Extrapolated probability of class membership for the 2-class and 3-class LC models a The 2-class LC model, B The 3-class LC model

Figure 5 shows the spatial clusters from the latent class analysis for 2- and 3- class models, respectively. Model results are given in Table 7.

As can be seen from the model with 2 classes, about 75 % of respondents are likely to belong to the first class. This class is more pro-environmental in the sense that their WTP for changes in forest management are much higher than WTP indicated by the utility function parameters for the second latent class, whilst the SQ parameter is negative. In the LC model with 3 classes, about 66 % of respondents is likely to belong to the third class, which is even more pro-environmental than Class 1 in the previous model. WTP’s in classes 1 and 2 are much lower and also the SQ coefficients are highly positive. Especially in class 1 WTP for not making any change is higher than the sum of WTPs for making substantial improvements in all three attributes together. Class 1 can therefore be interpreted as respondents who in every situation would prefer not to make any improvements to national forest management, while class 2 respondents would derive some utility from changes in forest management, but this would not be substantial.

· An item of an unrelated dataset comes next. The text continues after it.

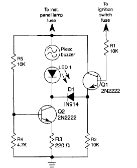 Encontrado nua Radio Experimenter Handbook numa edição de 1986, este circuito avisa quando os faróis altos do carro estão ligados e ele é desligado. O circuito usa componentes comuns.

Firstly, we present Moran’s I statistics for calculated probability scores in Table 8. In all cases, the p values are very low allowing us to conclude that there is a very significant spatial dependence.

Figure 5 illustrates the spatial distribution of extrapolated probability scores for both LC models. The left panel (A) depicts class probabilities for the 2-class LC model.Footnote 14 This is thus a spatial representation of clustering in WTP values for forest enhancements. It appears that individuals who have low probability scores (and therefore are more likely to belong to class 2, and so have lower values for the changes in forest management) are mostly located in the northeast (near the border with Russia) and also found in the south of Poland, near the borders with Slovakia and the Czech Republic. Other regions with lower probabilities include patches of central regions, particularly between some of the big cities. We note, however, that there were not many observations in our sample which were located there (cf. Fig. 1), it is therefore possible that this is an artefact of extrapolating low probability scores in the bigger cities mentioned. The highest probability scores are placed near west and east boarders and also in the central Poland. These are the regions which have relatively fewer forests. This result thus supports our findings reported earlier in this paper.

Table 7 Results of 2- and 3- class latent class models estimated in WTP-space
Table 8 Moran’s I statistics for class probability scores

In the right panel (B) of Fig. 5 we report similar maps for case of the LC model with 3 classes. The conclusions from the distribution of the probability of belonging to class 3 (the most pro-environmental respondents, lower-right panel) are very similar to those derived from the model with 2 classes for the most pro-forest-conservation group. The regions of high probability are significantly smaller because the probabilities are around 10 percentage points lower than for the case with 2-class model. The main insight of the LC with 3 classes is that one can now see that individuals from class one (who do not want any changes) are mostly concentrated in the northern part of Poland (near the border with Russia) and in the south (near the borders with Slovakia and the Czech Republic). People with lower WTP are also more likely to live near big cities (albeit the effect is less evident). Lastly, class 2 probability seems to be the highest around the city of Poznań in central Poland, and also (albeit to a lesser extent) in the south (near the border with the Czech Republic) and north-east (near the border with Russia).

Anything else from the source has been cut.